- To do
With pictures left out, return only the lines from the line containing "- 4 printed" through the end of the material below, both included.

- Stored data
****************

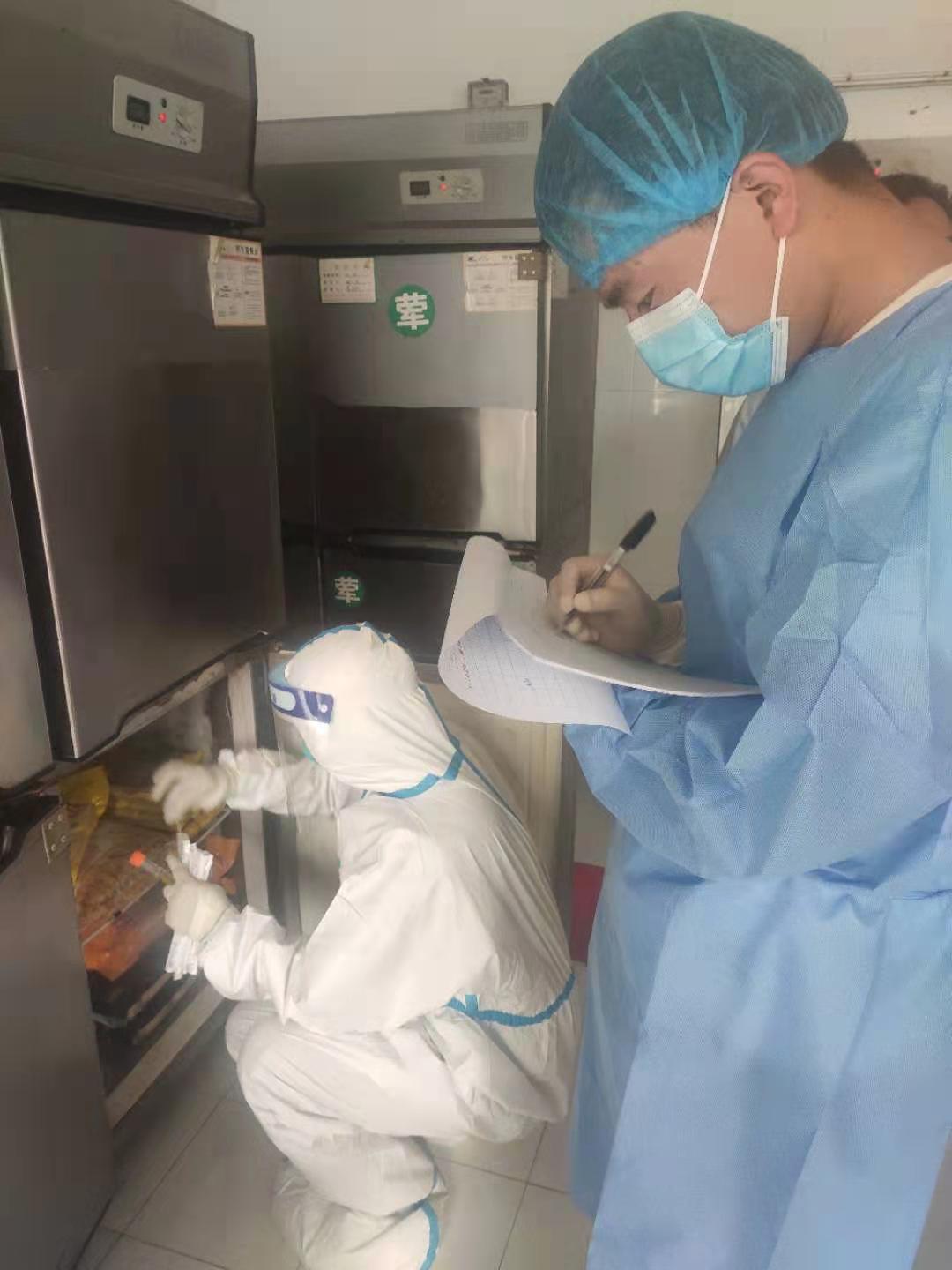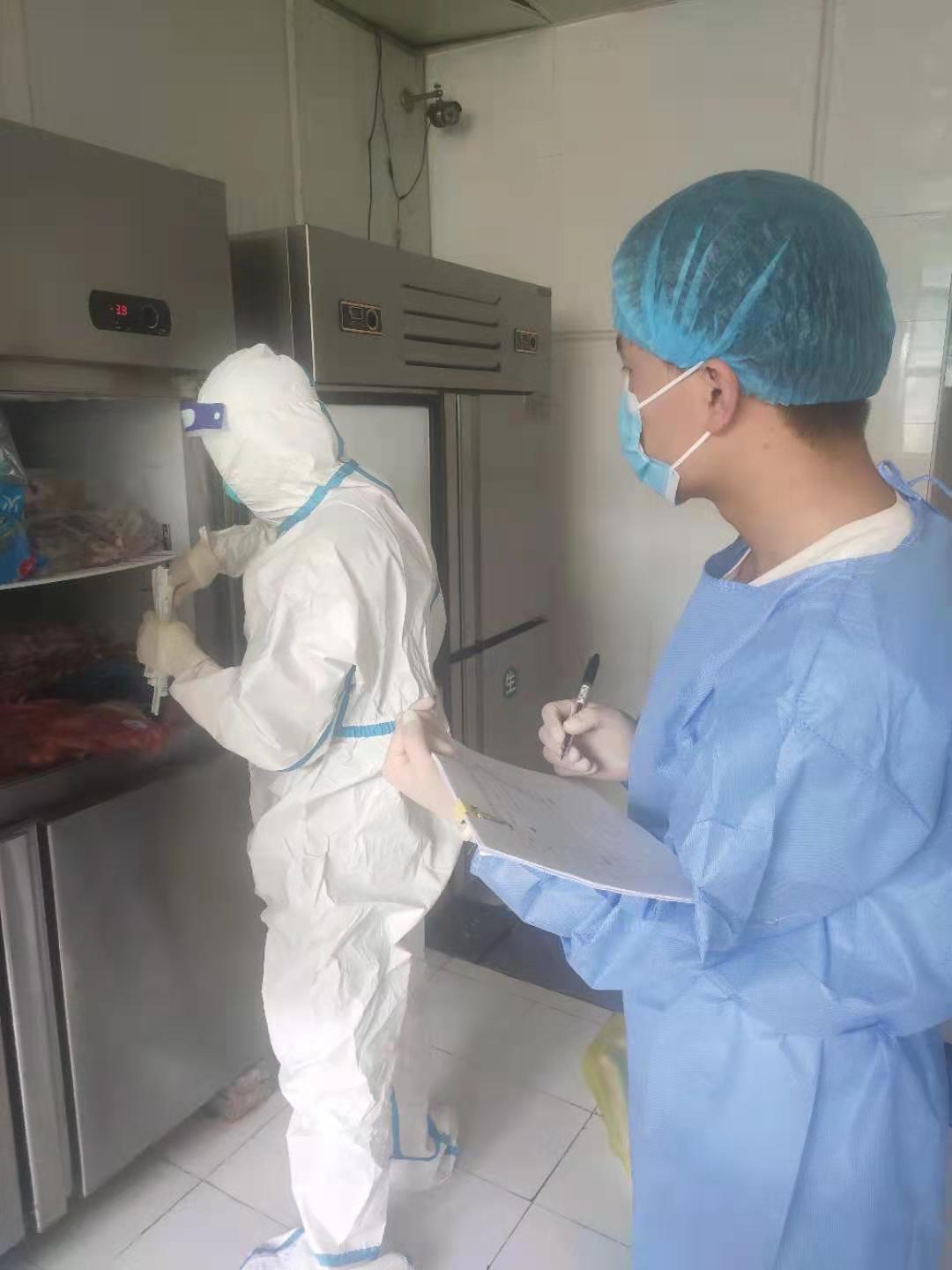 5月28日旬邑县市场监督管理局、县疾控中心考前对旬邑县中学考点超市商品外包装和考点食堂冷链食品及其存储、加工等场所开展抽样核酸检测,确保考点食品安全。
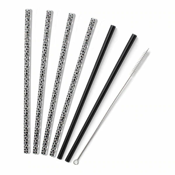 - 4 printed straws, 2 solid color straws, and 1 cleaning brush
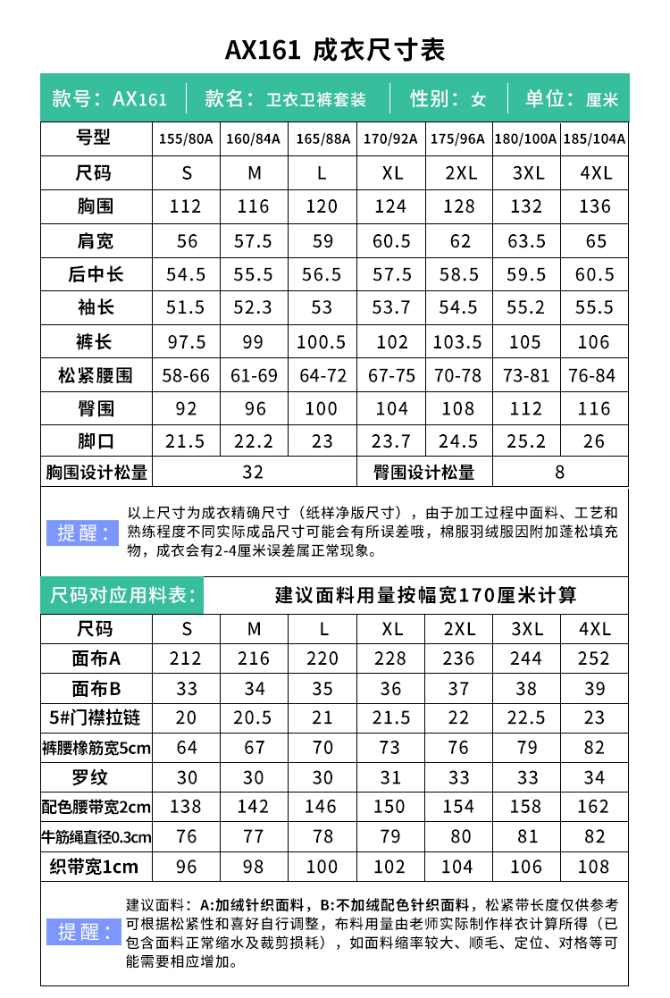 裁缝学苑AX161新款连帽卫衣运动裤纸样女装套装上衣卫裤子版型
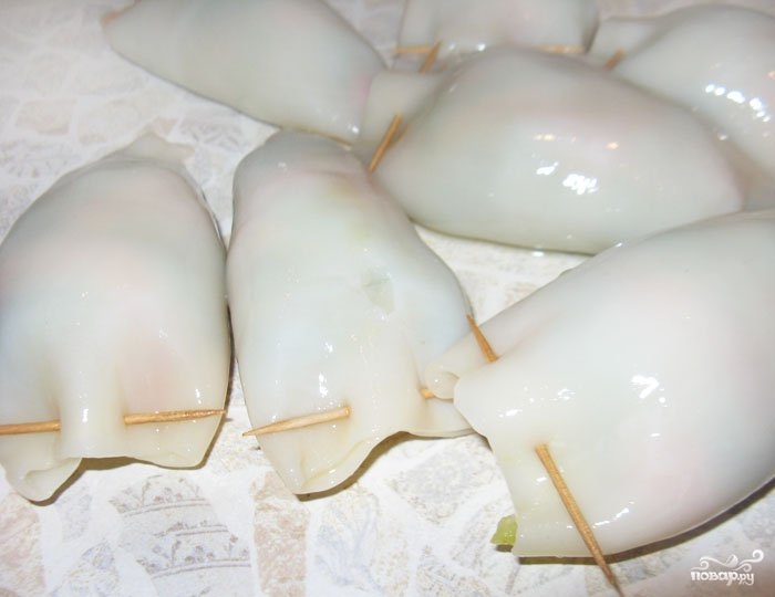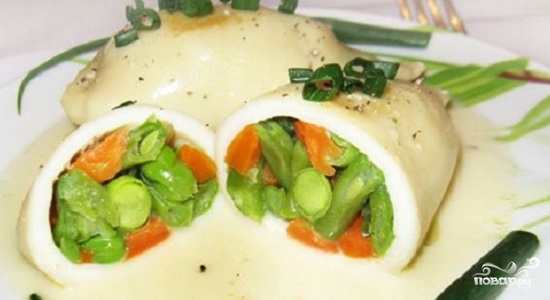 3. Очищенные и промытые тушки кальмаров наполните овощной смесью.

****************

- Response for this exercise
 - 4 printed straws, 2 solid color straws, and 1 cleaning brush
 裁缝学苑AX161新款连帽卫衣运动裤纸样女装套装上衣卫裤子版型
 3. Очищенные и промытые тушки кальмаров наполните овощной смесью.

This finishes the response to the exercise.